Сначала думал о том пятачке, что, завернув в бумажку, я брошу через загородку, а потом забыл и замечтался сам.
Я слушал, и опять ко мне пришли ночные горестные мысли.
Думал о женщине, что придёт вечером. О женщинах, которые приходят по вечерам в наши одинокие комнаты.
Вот наступает вечер, и они идут. Каждая со своей маленькой, нежной тайной.
Ни один из встречных не узнает, какой дар несёт она сегодня.
Это будет известно только на рассвете, когда мужчина длинным взглядом проводит её, уходящую.
Тогда в его глазах, как в раскрытой книге, можно будет прочесть – приходило это счастье или только его больная безжизненная тень.
Солнце заходит в тучи. Жёлто-ржавой полоской сквозит из-за деревьев холодная заря.
Надеваю пальто и поднимаю воротник.
Осенью темнеет быстро. Не успею выкурить двух папирос, как стемнеет совсем.
Скоро придёт женщина. Моя душа покорно никнет. Я уже чувствую себя выхваченным из обычного строя чувств и начинаю лихорадочно дрожать.
Так всегда перед встречами с ней. Хочу их и знаю – не нужно.
Пальцы стынут от холода. Берёзы шуршащими листьями говорят со мной о счастье.
Оно проходило по этой дороге мимо них. Они не забыли.
Оказалось не то. Ко мне просто пришла не та женщина, которую я ждал, и праздник не состоялся. Это случается часто. Ждут одну, а приходит другая. Сначала не знаешь, а потом…
Вот она подходит к калитке. Идём на балкон, садимся на ступеньках.
– Я ждала тебя вчера, – говорит она с лёгким упрёком. – Почему не пришёл?
– А это не ты приходила к моим окнам ночью? – спрашиваю я.
– К твоим окнам? Ночью? – удивляется она. – Что за странные у тебя мысли? Зачем бы пришла я к твоим окнам? Вчера, ожидая тебя, я укладывала вещи – ведь завтра мы едем. А ночью вернулся муж.
Смотрю на неё. Маленькая. Закуталась в белый платок. Лицо спокойное. Так разговаривают жёны на пятый год брачной жизни.
Ночь прильнула к деревьям. Берёзы молчат и думают что-то долгое, упорное, жестокое.
В груди у меня невесёлая, странная лёгкость.
– Так, значит, это не ты приходила к моим окнам? – спрашиваю я, улыбаясь.
А вот та, другая, о которой я тоскую всегда, – она пришла бы.
Кто знает, не простояла ли бы она там до утра…
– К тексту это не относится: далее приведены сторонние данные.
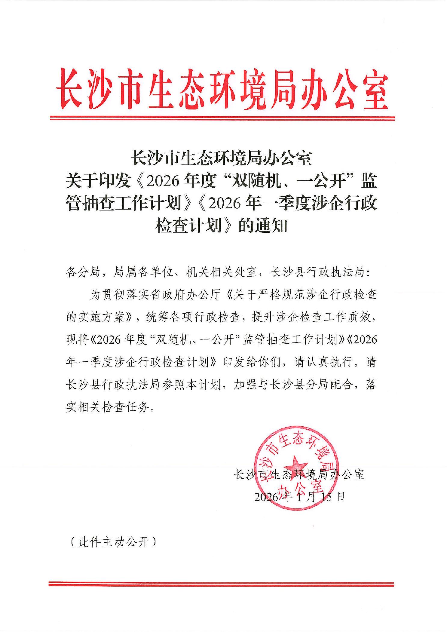 關于印發《2026年度“雙隨機、一公開”監管抽查工作計劃》《2026年一季度涉企行政檢查計劃》的通知.pdf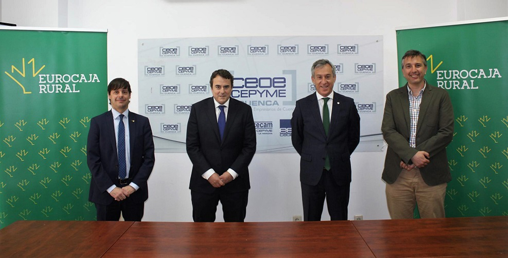 En el acto han estado presentes el presidente de Eurocaja Rural, Javier López Martín, acompañado del director territorial de Eurocaja Rural en Cuenca, José Manuel Poyatos Cabrera, y el presidente de CEOE CEPYME Cuenca, David Peña López, acompañado del director del Departamento Económico de CEOE CEPYME Cuenca, Miguel Angel Santos.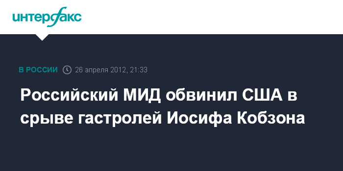 "С разочарованием и недоумением восприняли информацию об очередном отказе американских властей в выдаче въездной визы выдающемуся российскому певцу, депутату Государственной Думы России Иосифу Давыдовичу Кобзону. В результате срываются приуроченные к празднованию Дня Победы выступления нашего прославленного исполнителя в США, где его ждали многочисленные поклонники, в том числе проживающие там ветераны Великой Отечественной войны и другие наши соотечественники", - отмечается в комментарии официального представителя МИД России Александра Лукашевича, размещенном в четверг на сайте внешнеполитического ведомства.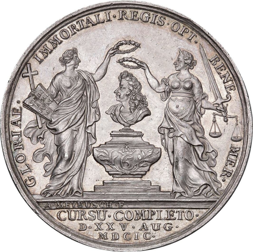Опис: Погруддя короля Крістіана V на п'єдесталі, прикрашеному гілками та монограмою короля, увінчане лавровим вінком двома стоячими завуальованими жіночими фігурами з боків: Побожність ліворуч та Справедливість праворуч (такі самі, як на медалі 1672 року). Нижче, в ексергу, ім'я гравера та дата смерті короля.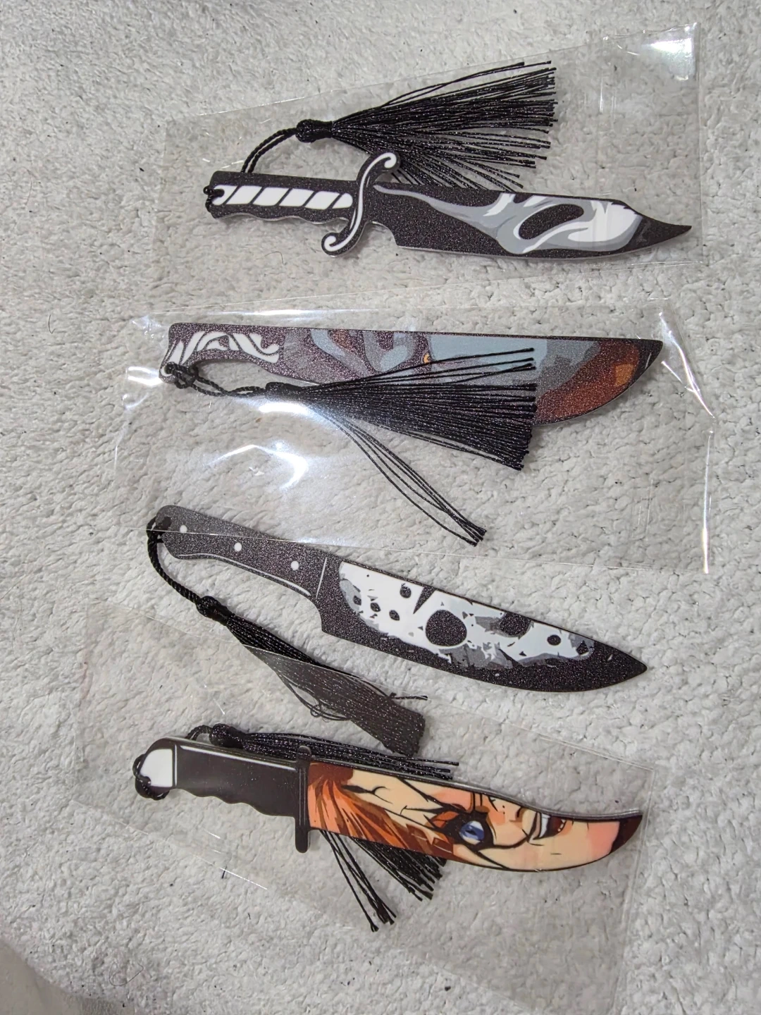 Four decorative bookmarks designed to look like anime-style knives. Each bookmark features a unique design and includes a black tassel. They're perfect for adding a touch of flair to your reading material.
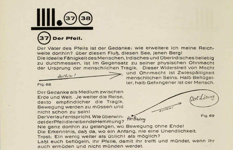 „Der Weg ist wesentlich und bestimmt den einmal abzuschliessenden und einmal abgeschlossenen Charakter des Werkes. Die Formung bestimmt die Form und steht daher über ihr. Form ist also nirgends und niemals als Erledigung, als Resultat, als Ende zu betrachten, sondern als Genesis, als Werden, als Wesen. Gut ist Formung. Schlecht ist Form ; Form ist Ende ist Tod. Formung ist Bewegung ist Tat. Formung ist Leben.“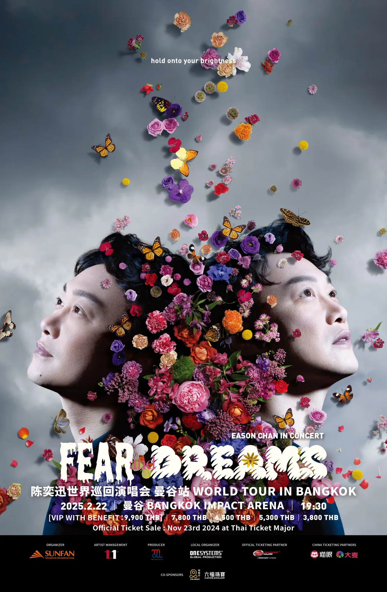 หลังจากห่างหายไป 12 ปี เมกาสตาร์แฟ่งวงการเพลงป็อปจีน อีสัน ชาน (Eason Chan) เตรียมกลับมาขึ้นสเตจพบแฟนๆ ชาวไทยอีกครั้งที่งาน FEAR and DREAMS World Tour โดยจะจัดขึ้นในวันเสาร์ที่ 22 กุมภาพันธ์ 2568 เวลา 19.30 น. ณ อิมแพ็ค อารีน่า เมืองทองธานี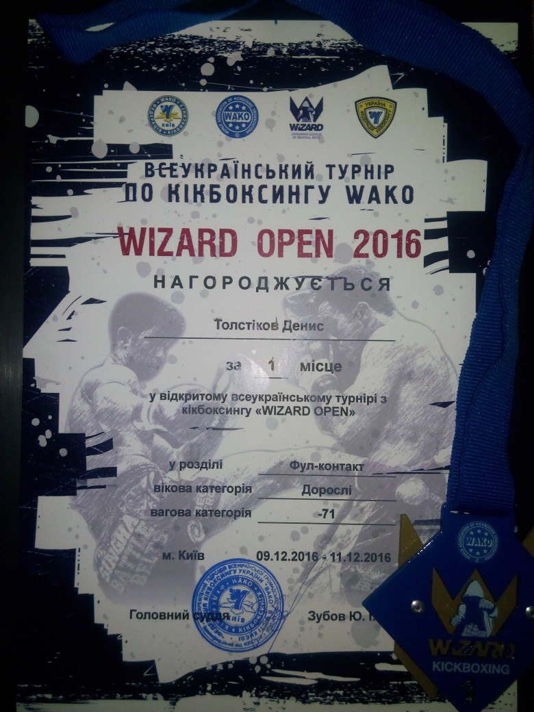 За награды турнира "Wizard Open-2016" в разделах "фул-контакт", "лоу-кик" и "К-1" сражались спортсмены из 18 областей Украины и команда из Молдовы. По словам тренера спортивного клуба "Спартак" Виктора Савченко, его воспитанник, кандидат в мастера спорта Украины по кикбоксингу Д. Толстиков выступал среди взрослых в весовой категории 71 кг в разделе "фул-контакт". Успешно проведя два боя, Денис уверенно завоевал первое место.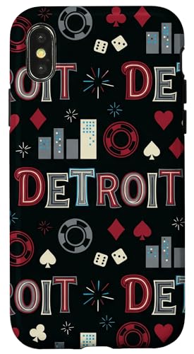 Illustration de répétition Fluide des icônes de la soirée de Jeux du Casino Detroit Skyline Coque pour iPhone X/XS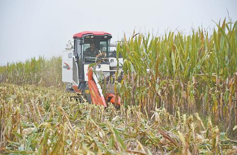 10月11日,孟州市河雍街道小宋莊村,農(nóng)機(jī)手駕駛著農(nóng)機(jī)在玉米田間進(jìn)行收割作業(yè)。為應(yīng)對不利天氣影響,孟州市及時調(diào)運適用農(nóng)機(jī)具,利用降雨間歇盡快搶收搶烘,確保秋糧應(yīng)收盡收。

Правда, она побледнела бы за ночь, у ней не было бы твоих цветущих щёк… Но как бы мы встретились утром!..
– Что ты говоришь? – не понимает она. – Кого ждёшь? Если ты ждёшь кого-то ещё, значит, ты не любишь меня. Или от одиночества и праздности у тебя такие безумные мысли?
О, какая у меня лёгкость в груди!
Мне тепло, я смеюсь, точно пьян я сегодня.
– Слушай, – говорю я просто, – это ошибка. Ты не та, – вот и всё. Она могла бы иметь твоё лицо, твои прекрасные глаза, твой нежный, умный лоб, но пришла всё же не она, а ты.
Вот ты в час свидания аккуратно укладываешь вещи, а после спокойно спишь рядом с твоим мужем в вашей семейной спальне… А у той, которую я жду, не будет ничего, кроме любви, потому что её душа от века отдана мне.
Она встаёт со ступенек. Маленькая. В белом платке.
– Да, – говорит она, гордо выпрямляясь, – ведь это один из наших обычных разговоров.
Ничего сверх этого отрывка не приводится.